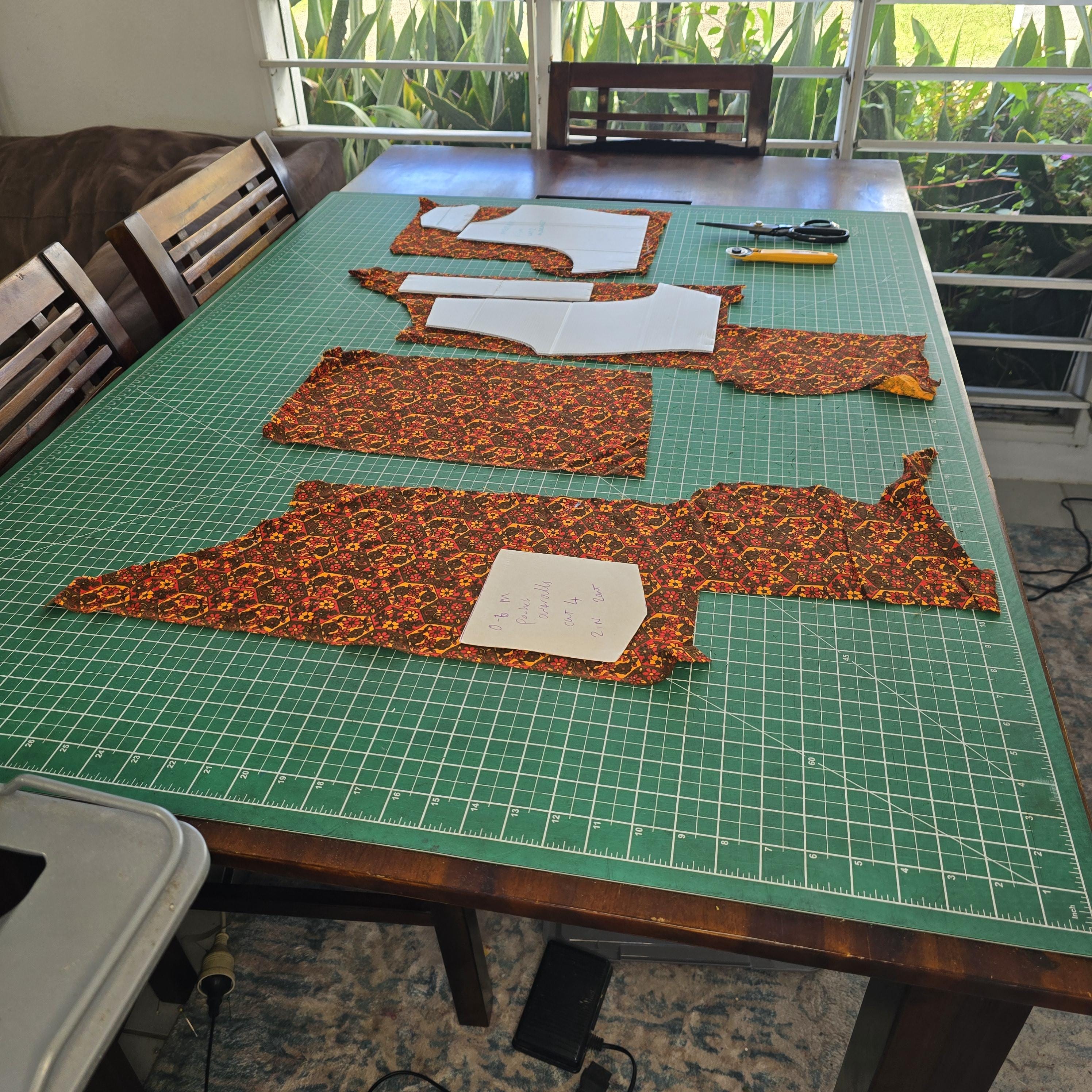 Cutting out patterns from scraps.
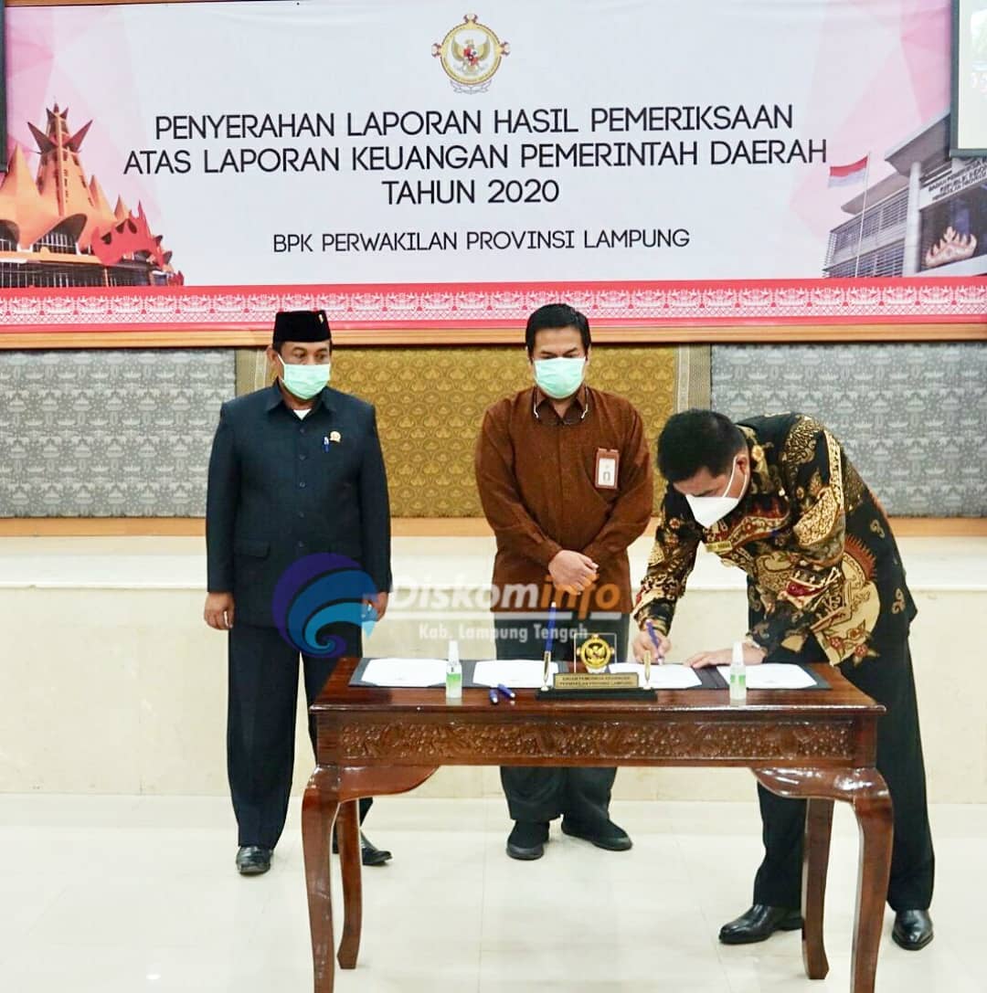 Lampung - Bupati Lampung Tengah Musa Ahmad menghadiri acara penyerahan laporan hasil pemeriksaan atas Laporan Keuangan Tahun 2020 Kantor Badan Pemeriksa Keuangan Perwakilan Provinsi Lampung Jumat 30 April 2021. Dalam acara tersebut Bupati Musa Ahmad hadir bersama Ketua DPRD Kabupaten Lampung Tengah, Kepala Inspektorat Lampung Tengah dan Kepala Badan Pengelolaan Keuangan dan Aset Daerah (BPKAD) Lampung Tengah. Dikarenakan masih dalam masa pandemi Covid-19 maka Kabupaten/Kota se-Provinsi Lampung yang hadir dibagi menjadi beberapa sesi. Dalam hasil laporan keuangan Pemda Lampung Tengah TA 2020 ini, Kabupaten Lampung Tengah Kembali mendapat predikat Wajar Tanpa Pengecualian (WTP) dari Badan Pemeriksaan Keuangan Republik Indonesia (BPK-RI) Perwakilan Lampung, atas Laporan Keuangan Pemerintah Daerah (LKPD) Tahun Anggaran 2020. Ini merupakan kali ke-3 Kabupaten Lampung Tengah mendapat predikat WTP dari BPK RI. Andri Yogama Kepala Perwakilan BPK RI Lampung mengatakan bahwa masih terdapat beberapa catatan yang perlu diperhatikan dan diharapkan diperbaiki sehingga kedepannya Pemda Lamteng bisa lebih baik lagi. BPK juga berharap Kabupaten Lampung Tengah bisa mendorong lagi agar mencapai presentase penilaian 85% karena saat ini lampung tengah mencapai 79%. Bupati Lampung Tengah Musa Ahmad dalam keterangan kepada media mengatakan bahwa kegiatan pemeriksaan yang dilakukan oleh BPK selalu disambut Pemerintah Daerah Lampung Tengah dengan tangan terbuka. Seluruh SKPD pun diinstruksikan untuk terbuka, aktif dan kooperatif dalam rangka memperlancar proses pemeriksaan. Langkah ini juga dilakukan agar pemeriksaan yang dilakukan oleh BPK dapat menjangkau seluruh program dan kegiatan pada Pemerintah Daerah Kabupaten Lampung Tengah, sehingga memperoleh rekomendasi konstruktif yang dapat ditindaklanjuti sebagai bahan pertimbangan. Dengan begitu, semua kegiatan dapat berjalan efektif dan efisien sesuai dengan ketentuan peraturan perundang-undangan yang berlaku. Musa mengatakan bahwa di masa kepemimpinan Musa Ahmad-Ardito Wijaya kedepannya akan memberikan pelayanan yang transparan dan akuntabel serta peningkatan birokrasi yang memprioritaskan kepentingan masyarakat sehingga diharapkan semua jajaran Pemerintah Daerah Lampung Tengah bekerja sama dan saling memperbaiki kinerja masing masing. Musa menambahkan juga bahwa beberapa poin catatan dari BPK akan segera ditindaklanjuti, sehingga kedepannya Kabupaten Lampung Tengah lebih baik lagi. "Saya juga atas nama Pemerintah Daerah Kabupaten Lampung Tengah mengucapkan terima kasih kepada seluruh jajaran dan pihak terkait, atas diperolehannya predikat WTP ini,” ujar Musa. Untuk diketahui bahwa Kabupaten Lampung Tengah telah mendapat predikat WTP tiga kali berturut-turut dari Badan Pemeriksaan Keuangan Republik Indonesia (BPK-RI). (Diskominfo Kabupaten Lampung Tengah)
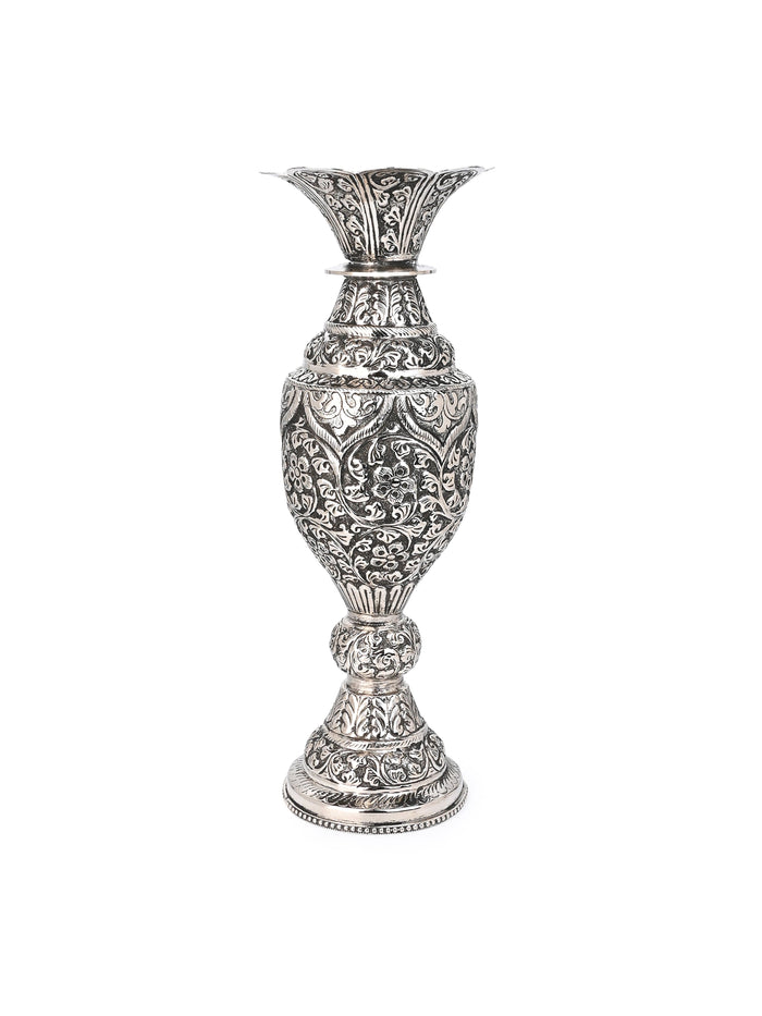 Antique Finish Oxidized Silver Stylish Flower Vase for Home Office Decor - 12 inches
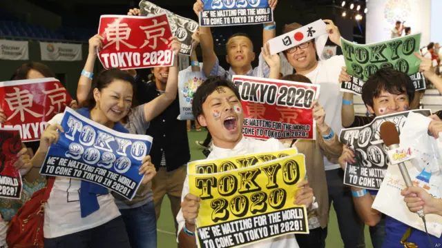 توضیح تصویر، لحظهای که نام توکیو به عنوان میزبان بازیهای تابستانی ۲۰۲۰ اعلام میشود.
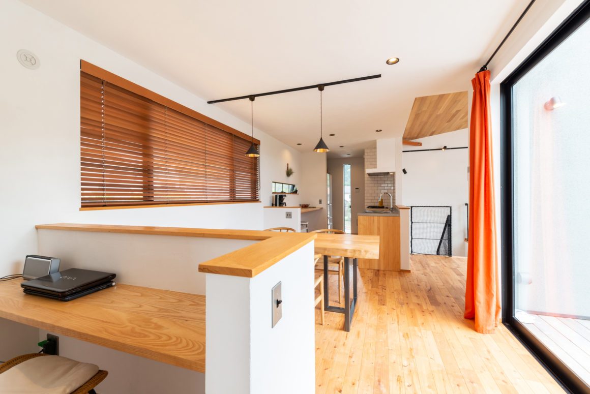 ❺ダイニングの奥に確保した書斎スペース。パソコン作業やお子さまの勉強スペースとしても有効です
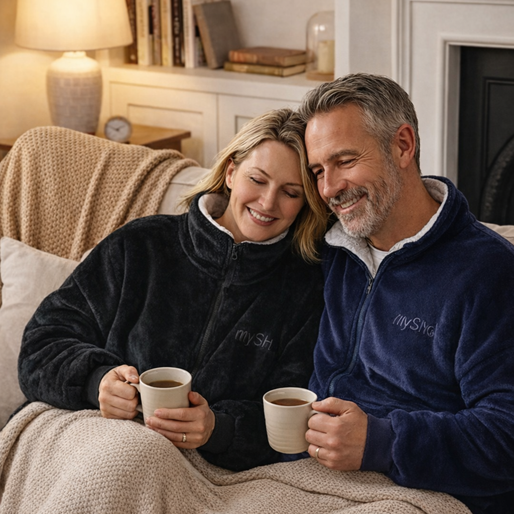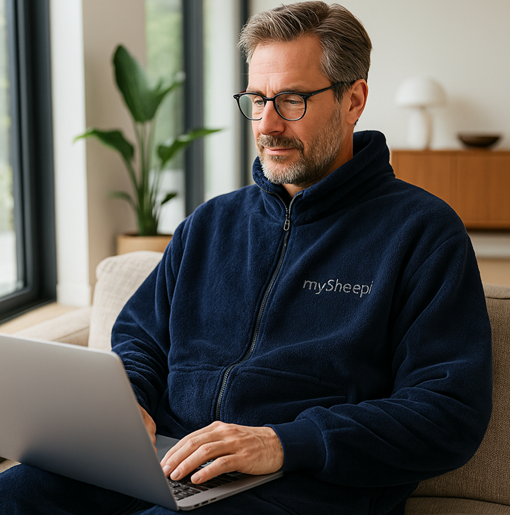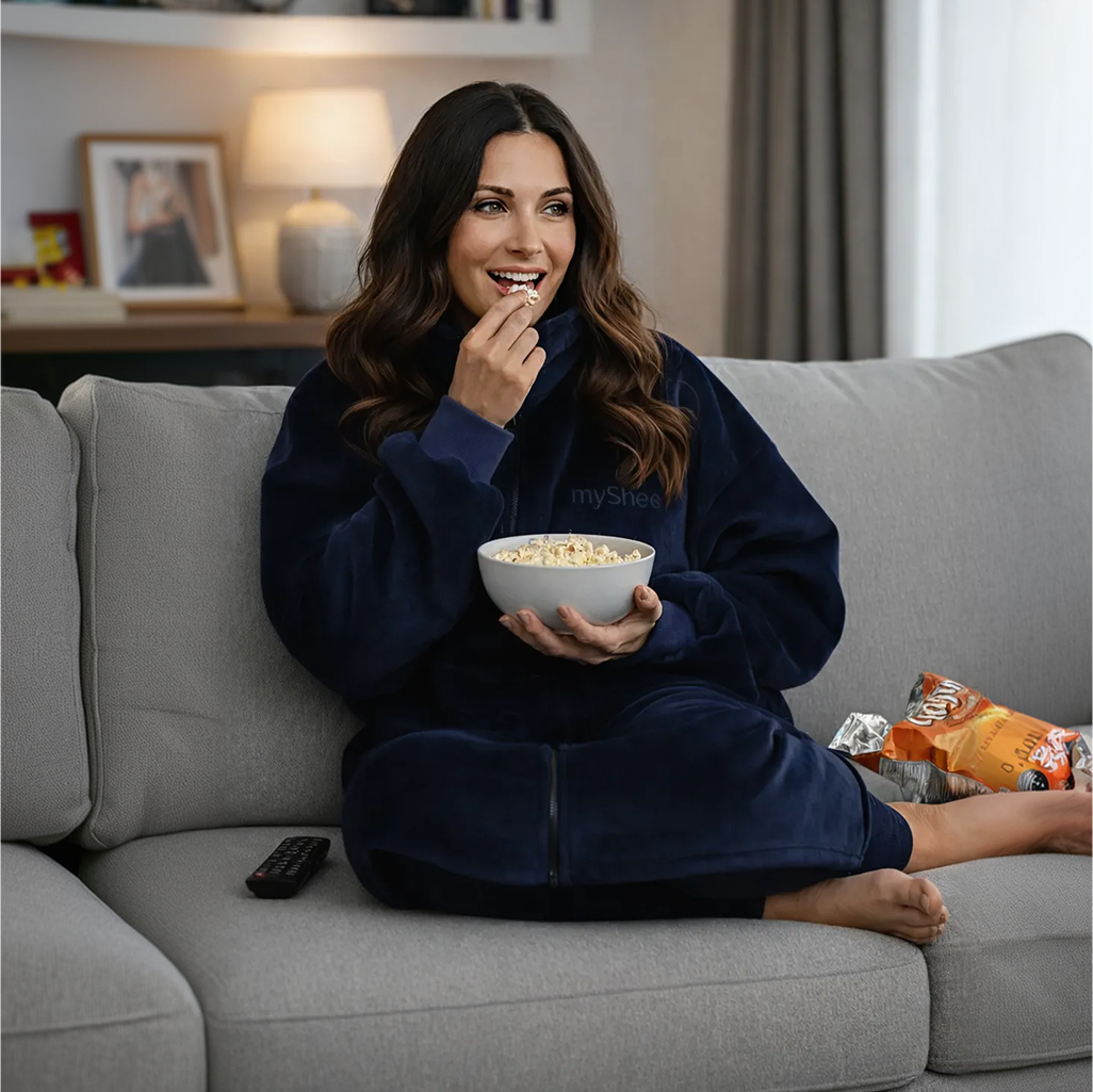 Mit dem mySheepi Kuschelmantel bleibst Du wohlig warm, ohne die Heizung aufzudrehen. Perfekt für lange Fernseh-Abende.
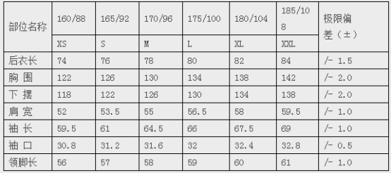 五、衛(wèi)生應急服裝廠家的成品尺寸規(guī)格表

◇ ◇ ◇ ◇ ◇ ◇ ◇

▶ INSTRUCTIONS TO FOLLOW
Exclude the images and reproduce the remaining data exactly.

▶ SOLVED EXERCISE
 Cutting out patterns from scraps.
 Lampung - Bupati Lampung Tengah Musa Ahmad menghadiri acara penyerahan laporan hasil pemeriksaan atas Laporan Keuangan Tahun 2020 Kantor Badan Pemeriksa Keuangan Perwakilan Provinsi Lampung Jumat 30 April 2021. Dalam acara tersebut Bupati Musa Ahmad hadir bersama Ketua DPRD Kabupaten Lampung Tengah, Kepala Inspektorat Lampung Tengah dan Kepala Badan Pengelolaan Keuangan dan Aset Daerah (BPKAD) Lampung Tengah. Dikarenakan masih dalam masa pandemi Covid-19 maka Kabupaten/Kota se-Provinsi Lampung yang hadir dibagi menjadi beberapa sesi. Dalam hasil laporan keuangan Pemda Lampung Tengah TA 2020 ini, Kabupaten Lampung Tengah Kembali mendapat predikat Wajar Tanpa Pengecualian (WTP) dari Badan Pemeriksaan Keuangan Republik Indonesia (BPK-RI) Perwakilan Lampung, atas Laporan Keuangan Pemerintah Daerah (LKPD) Tahun Anggaran 2020. Ini merupakan kali ke-3 Kabupaten Lampung Tengah mendapat predikat WTP dari BPK RI. Andri Yogama Kepala Perwakilan BPK RI Lampung mengatakan bahwa masih terdapat beberapa catatan yang perlu diperhatikan dan diharapkan diperbaiki sehingga kedepannya Pemda Lamteng bisa lebih baik lagi. BPK juga berharap Kabupaten Lampung Tengah bisa mendorong lagi agar mencapai presentase penilaian 85% karena saat ini lampung tengah mencapai 79%. Bupati Lampung Tengah Musa Ahmad dalam keterangan kepada media mengatakan bahwa kegiatan pemeriksaan yang dilakukan oleh BPK selalu disambut Pemerintah Daerah Lampung Tengah dengan tangan terbuka. Seluruh SKPD pun diinstruksikan untuk terbuka, aktif dan kooperatif dalam rangka memperlancar proses pemeriksaan. Langkah ini juga dilakukan agar pemeriksaan yang dilakukan oleh BPK dapat menjangkau seluruh program dan kegiatan pada Pemerintah Daerah Kabupaten Lampung Tengah, sehingga memperoleh rekomendasi konstruktif yang dapat ditindaklanjuti sebagai bahan pertimbangan. Dengan begitu, semua kegiatan dapat berjalan efektif dan efisien sesuai dengan ketentuan peraturan perundang-undangan yang berlaku. Musa mengatakan bahwa di masa kepemimpinan Musa Ahmad-Ardito Wijaya kedepannya akan memberikan pelayanan yang transparan dan akuntabel serta peningkatan birokrasi yang memprioritaskan kepentingan masyarakat sehingga diharapkan semua jajaran Pemerintah Daerah Lampung Tengah bekerja sama dan saling memperbaiki kinerja masing masing. Musa menambahkan juga bahwa beberapa poin catatan dari BPK akan segera ditindaklanjuti, sehingga kedepannya Kabupaten Lampung Tengah lebih baik lagi. "Saya juga atas nama Pemerintah Daerah Kabupaten Lampung Tengah mengucapkan terima kasih kepada seluruh jajaran dan pihak terkait, atas diperolehannya predikat WTP ini,” ujar Musa. Untuk diketahui bahwa Kabupaten Lampung Tengah telah mendapat predikat WTP tiga kali berturut-turut dari Badan Pemeriksaan Keuangan Republik Indonesia (BPK-RI). (Diskominfo Kabupaten Lampung Tengah)
 Antique Finish Oxidized Silver Stylish Flower Vase for Home Office Decor - 12 inches
 توضیح تصویر، لحظهای که نام توکیو به عنوان میزبان بازیهای تابستانی ۲۰۲۰ اعلام میشود.
 ❺ダイニングの奥に確保した書斎スペース。パソコン作業やお子さまの勉強スペースとしても有効です
 Mit dem mySheepi Kuschelmantel bleibst Du wohlig warm, ohne die Heizung aufzudrehen. Perfekt für lange Fernseh-Abende.
 五、衛(wèi)生應急服裝廠家的成品尺寸規(guī)格表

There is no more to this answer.